Current local paths:

c:\users\myself\project1\abc.txt
c:\users\myself\old\def.txt
c:\users\myself\project2\admin\ghi.txt
c:\users\myself\templates\admin\ghi.txt

Paths in snapshots (corresponding to previous local file locations):

users/myself/Box Sync/projects/project1/abc.txt
users/myself/Box Sync/projects/old/def.txt
users/myself/Box Sync/projects/project2/admin/ghi.txt
users/myself/Box Sync/templates/admin/ghi.txt
users/myself/Box Sync/templates/admin/comm/xyz.txt

(The duplicate file name is intentional.)

So the starting poing would be the latter list of paths (though duplicacy’s list command doesn’t output them as neatly as that when I use duplicacy list -id ALPHA_C -files | select-string -pattern "/Box Sync/") and then check for each path whether that file is currently present locally, somewhere.

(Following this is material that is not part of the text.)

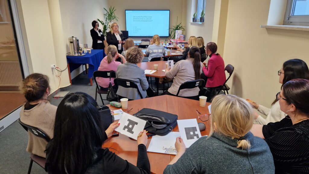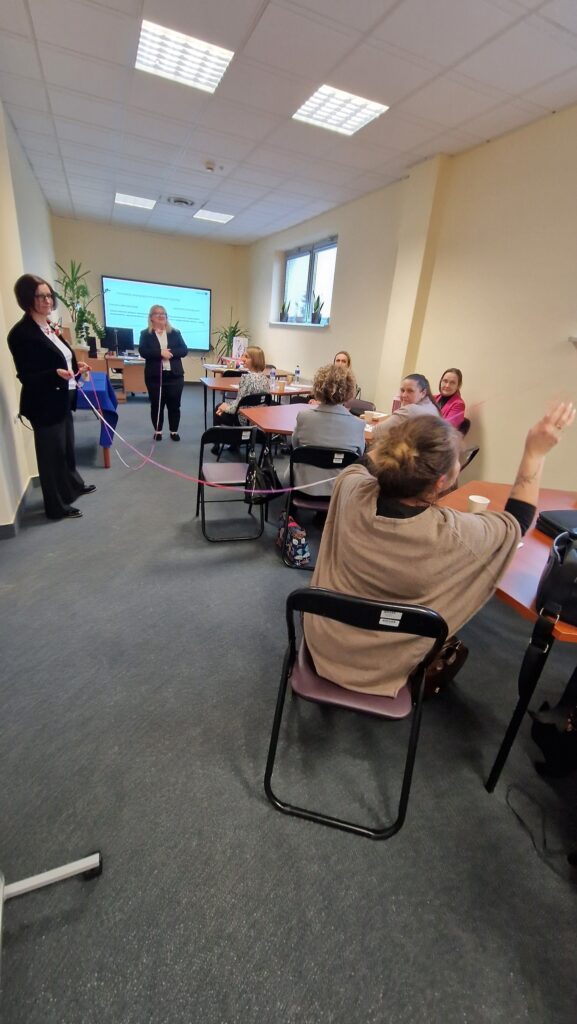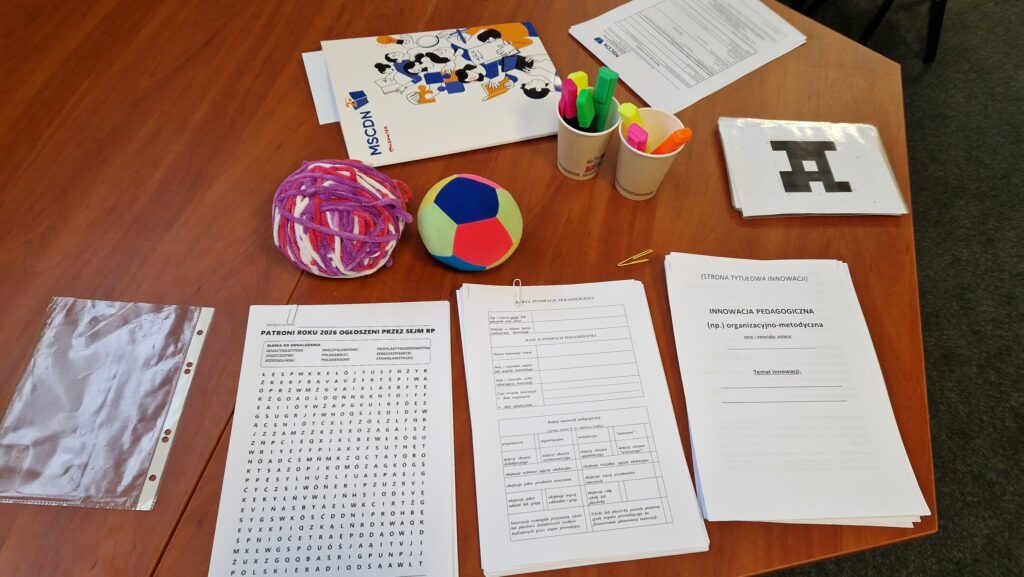 25 lutego 2026 r. doradczynie metodyczne MSCDN, Alicja Lewandowska i Elżbieta Rogalska, wykorzystując kłębek wełny i darmową aplikacją edukacyjną PLICKERS do szybkiego przeprowadzania quizów, ankiet i sprawdzianów wiedzy w klasie w czasie rzeczywistym, wdrażały uczestników szkolenia w arkana INNOWACJI PEDAGOGICZNYCH W BIBLIOTECE SZKOLNEJ. Po części teoretycznej przyszedł czas na tworzenie nowatorskich rozwiązań programowych, organizacyjnych lub metodycznych dostosowanych do potrzeb danej szkoły lub placówki.

So in the above example file lists, the result would be

users/myself/Box Sync/templates/admin/comm/xyz.txt

Which is the file that is present in the storage but not locally.

The solution does not have to be perfect and fully automatic. I can handle a number of edge cases manually. And neither do I expect anyone to write an entire script. I’d be happy to learn about strategies for tackling this more generally.

towerbr · 29 November 2019 22:14

Well … since you said:

I have a proposal, which doesn’t involve scripts, but … Excel is your best friend ( don’t kill me!).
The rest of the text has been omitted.